KATO

ビューティー・インサイドのKATOのネタバレレビュー・内容・結末

ビューティー・インサイド(2015年製作の映画)
4.5

このレビューはネタバレを含みます

キム・ウジンは、性別・年齢・人種に関係なく毎日違う容姿に変化してしまう。
だから、長く付き合う友だちなんて作れないし、恋人なんてもってのほか。だって、明日自分は男になるのか、女になるのか、それとも子どもになるのかも分からないのだから。

好きな人の姿が毎日変わるとしたら、私はその人を好きでい続けることができるのか。
観るたびに自問しているけれど、私はいつも「自信がないなぁ」と思ってしまう。

外見は印象の一つだ。会うたびに変わっていくとしたら、やはり戸惑ってしまうに違いない。

ハン・ヒョジュ演じるイスが、徐々に疲弊していく理由がわかる。音楽の趣味もあって、自分のことを好きでいてくれて、性格も大好き。
こんなに彼は愛してくれているのに、顔を合わせるたびに戸惑ってしまう自分がいてきっと申し訳ない気持ちになるのだろう。

それに、ありもしない噂だってたてられる。

「イスはいつも違う男と歩いている。誰が本命の彼氏なの? 」

放っておけばいいし、気にしなければいい。
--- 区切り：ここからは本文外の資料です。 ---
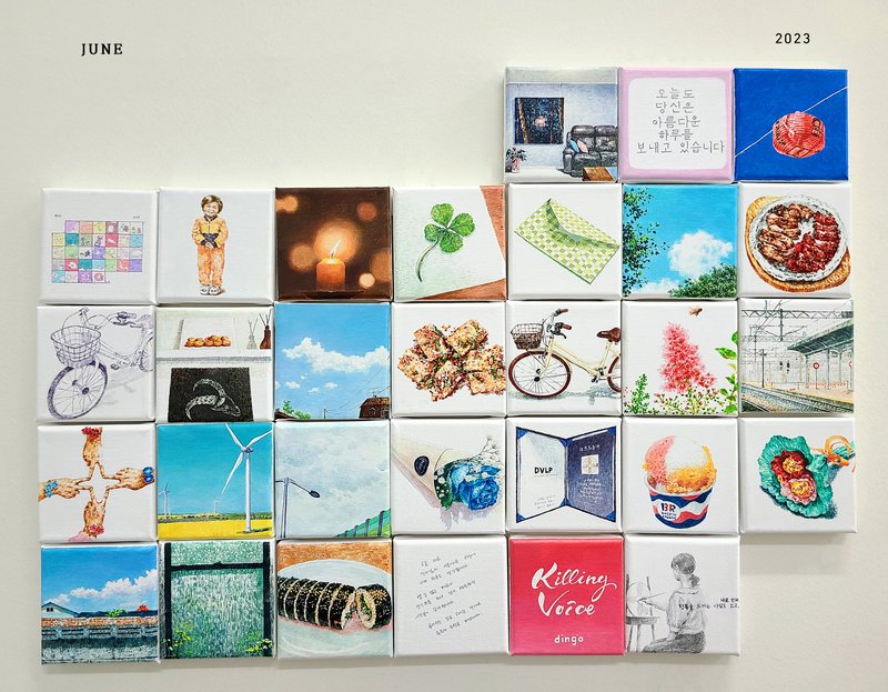 염수윤 작가는 ‘오늘 이 순간’의 소중함에 집중하며 하루하루 감사한 마음으로 살아가고 있는데요, 여러분은 어떠한 생각으로 하루를 살아가고 계신가요? ‘오늘도 몸이 아프지 않고 건강하게 하루를 시작할 수 있게 해 주셔서 감사합니다’, ‘오늘도 내가 좋아하는 음식을 마음껏 먹을 수 있어서 정말 감사합니다’ 또는 ‘오늘도 진심을 다해 나다운 삶을 살 수 있어서 감사합니다’. 이렇게 작가는 평범한 하루 속에서 작고 사소하더라도 감사할 수 있는 순간들을 그림으로 담아냅니다. 작은 크기의 작품이지만, 작가의 기록을 하나씩 모아서 어떤 감사한 순간을 그린 것인지 상상하는 재미가 있습니다. 작가님 일상에서 따뜻하고 소중했던 조각들을 통해 우리도 위로받고 힘을 낼 수 있을 것만 같은데요! 작품들을 감상하시면서, 하루하루의 소중함에 집중하여 삶을 조금 더 긍정적으로 바라보는 것은 어떨까요?
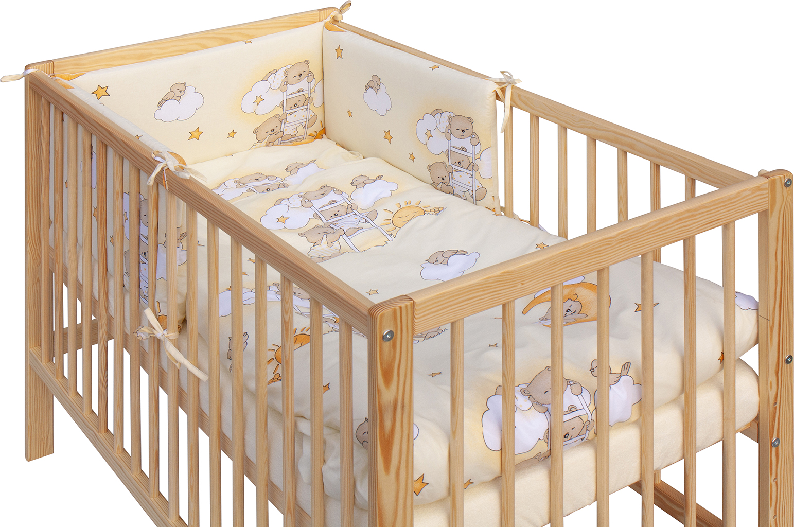 Součástí balení je kompletní výbava – kvalitní matrace, roztomilá sada povlečení, mantinel a prostěradlo, takže máte vše potřebné hned po rozbalení.
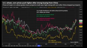 China is scooping up supplies of U.S. white wheat to feed livestock, pushing export forecasts for the grain usually used to make sponge cakes and noodles to a 27-year-high. The purchases are the latest disruption in commodities markets caused by Chinese buying of grains and oilseeds during the coronavirus pandemic, pushing prices of major commodity crops to multi-year highs. China has booked more U.S. white wheat this year than any country besides the Philippines, the top buyer of the grain. While U.S. producers have long tried to woo the growing Chinese market for confectionary foods made from white wheat flour, the recent purchases reflect a need for animal feed. While white wheat is not typically fed to animals, high corn prices – benchmark U.S. futures hit 7-1/2-year highs last month – made it a viable alternative in China. Nine months into the 2020/21 wheat marketing year begun June 1, 2020, China’s purchases of all U.S. wheat classes are at a seven-year high of 2.9 million tonnes, according to USDA’s weekly export sales.
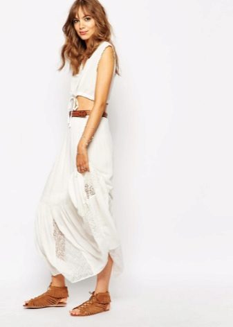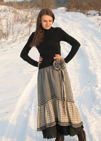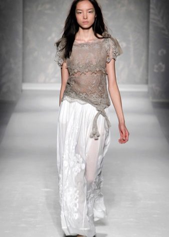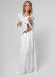 Such linen skirts look original and stylish. They are decorated with frills, embroidery, lace and ruffles, they are often sewn multi-layered, so they look delicate and airy. Their coloring is often natural, and the length is represented mainly by maxi models.
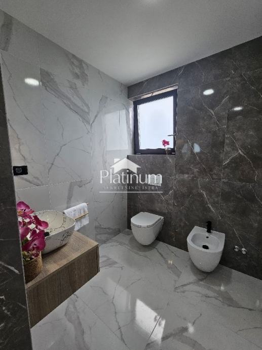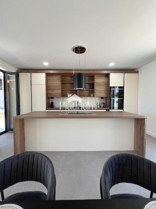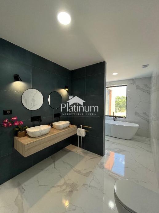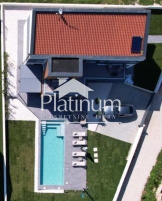 U prizemlju smjestio se prostrani dnevni boravak s kuhinjom i blagovaonom s izlazom na terasu koja vodi do bazena od 40m2,spavaće sobe s kupaonicom gostinjski wc.
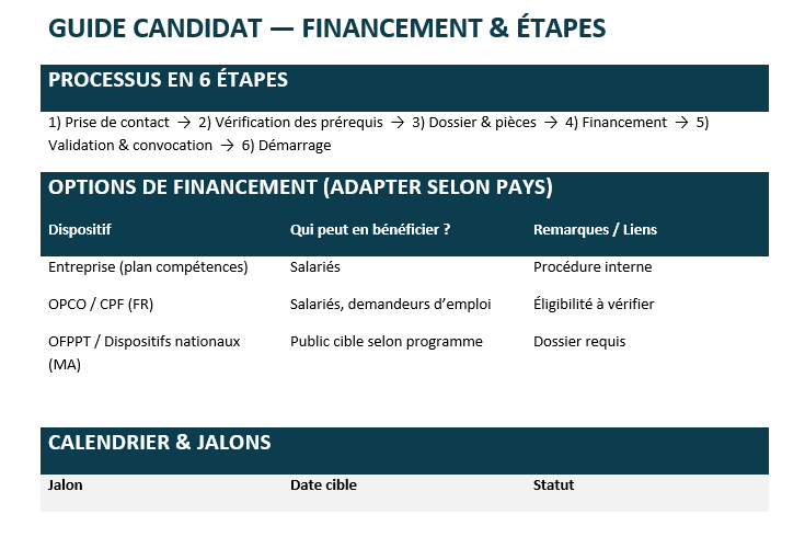 Dernier maillon, le guide candidat — financement & étapes. Il déroule le parcours en jalons (prise de contact, auto-évaluation, positionnement, dossier, financement, convocation) et fournit check-lists et dates cibles.
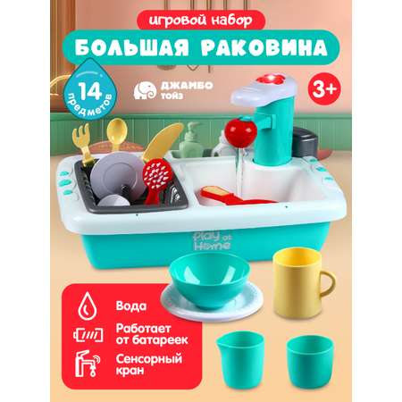 В комплект входят: раковина, кран, 2 бутылочки - имитации моющего средства, 2 плоские тарелочки, глубокая тарелка, ковш, 3 кружки, вилка, ложка, нож, лопатка, щетка для посуды.
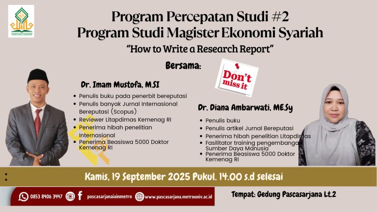 Metro – 29/09/2025- Program Studi Magister Ekonomi Syariah Pascasarjana UIN Jusila menggelar Guest Lecture pada Senin, 29 September 2025, pukul 09.00 WIB secara daring melalui platform Zoom Meeting. Acara ini menghadirkan narasumber internasional, Susilo Wibisono, Lecturer School of Psychology, College…
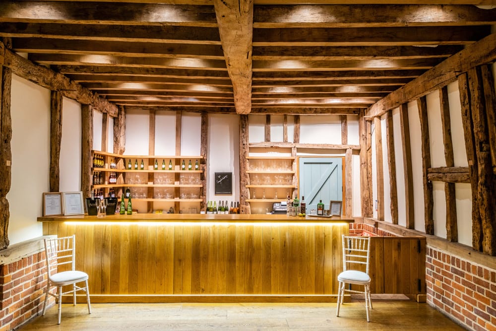 The Great Barn and surrounding gardens are available exclusively for your day. Inside, the award-winning Tithe Barn can host up to 200 guests for the wedding breakfast, followed by dancing and evening celebrations. The space includes lighting, chairs, a dance floor, a stage, a sound system, and a catering area, so everything is in place for a smooth event from start to finish.
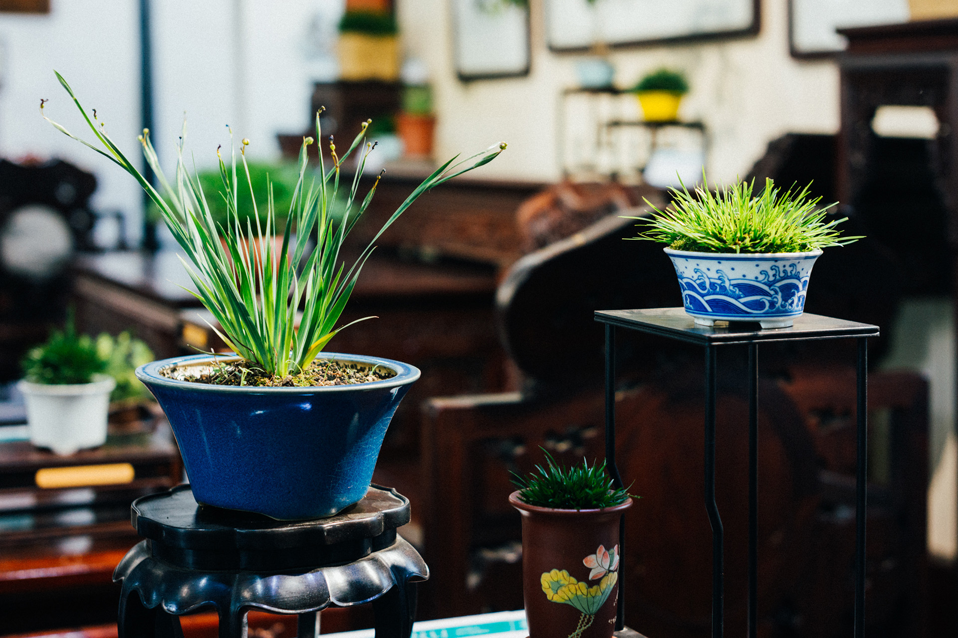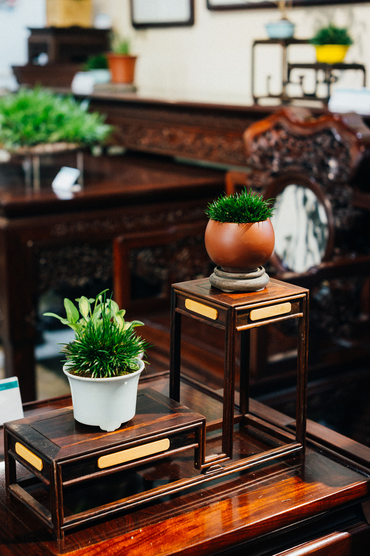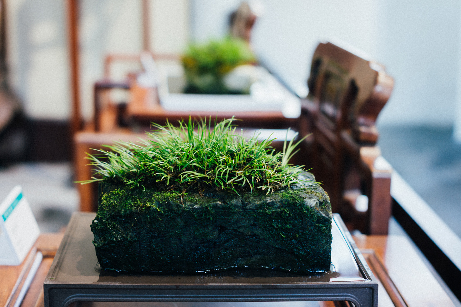 乐知堂内人头涌动,想必都是组团前来打卡的公务员,保安在旁维持秩序,只听他不停劝导:“不能摸呀,这个不好摸的呀。”我凑近去一看,才发现里面展出的是一盆盆极细小的水草,和形状各异的小巧太湖石摆在一起,作为盆景放在台案上。
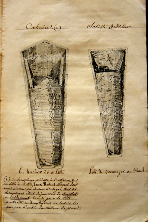 Solesmes. Plusieurs sarcophages en grès coquillier sont découverts dans un rayon de 100 m, autour de l'église paroissiale. L'un d'eux est trouvé en 1927, près de l'église abbatiale Saint-Pierre, dans la clôture, au pied de la chapelle du Sacré-Cœur, près de l'ancien cimetière. Le pied de la croix, à triple traverse, sculptée sur le couvercle, porte une inscription gravée en creux.
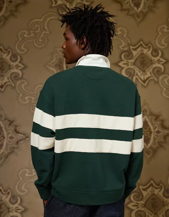 Inspired by a vintage Rugby jersey, this shirt is a modern take on classic prep style, featuring cool heritage details like a herringbone placket, signature “AE x Tru Kolors” logo values, and a heavyweight cotton blend piqué construction.
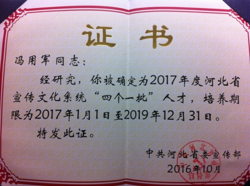 2016年11月25日,中共河北省委宣传部第24期《宣传工作通报》印发《中共河北省委宣传部关于确定2017年度河北省宣传文化系统“四个一批”人才人选的通报》,根据省委组织部、省委宣传部、省人事厅《河北省宣传文化系统“四个一批”人才培养工作办法》(冀宣发〔2003〕16号)精神和省委组织部、省委宣传部《关于印发< 河北省宣传思想文化人才队伍建设中长期规划(2012-2020年)>的通知》(冀组[2013]15号)要求,经组织推荐、资格审查、专家评审和领导小组审定,共有100名同志入选2017年度河北省宣传文化系统“四个一批”人才人选,我院冯用军博士入选。这是冯用军博士继2016年10月1日入选河北省“三三三人才工程”二层次人选之后取得的又一项荣誉。冯用军博士的入选,是我院重视人才培养特别是青年教师培养的重要成果。
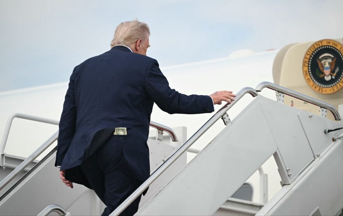 A $50 bill is seen in US President Donald Trump’s back pocket as he boards Air Force One prior to departing from Joint Base Andrews in Maryland, on May 1, 2025.
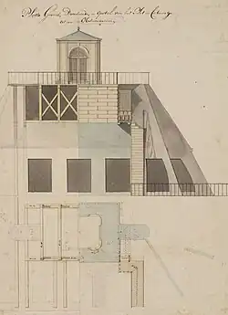 The observatory was built on the suggestion of Jacobus Barnaart, one of the five initial directors of the Teylers Stichting, which was the foundation responsible for taking care of the inheritance of Pieter Teyler van der Hulst. Barnaart was an amateur scientist who had a great interest in astronomy and wanted to build a state-of-the-art astronomical observatory on the roof of the Oval Room. This proved to be a bad idea, because the roof was made of wood, which transfers too many vibrations to make reliable and precise observations. Hence a belvedère was built instead, a square tower with two doors in each wall.[1]

そんなことは分かっているけれど、誰かとのつながりを断つことができない世界で、“気にしないこと”がどれほど難しいか。
ごまかすように笑って、その場から立ち去ろうとするイスの姿が切ない。

「好きなのに」と「好きだから」が積み重なると、こんなにも身の置き場がなくなってしまう。

誰かを好きになるって、どういうこと?
外見だけが大事なの?

日々、姿を変えていくウジンと、彼の恋人イスを通して、私たちは問いかけられる。
結局何も答えられることなんてなくて、ささやかだけど大きな決断をした2人に泣いてしまうのだ。

いつか答えが見つかるときまで、何度も2人に会いに行こうと思う。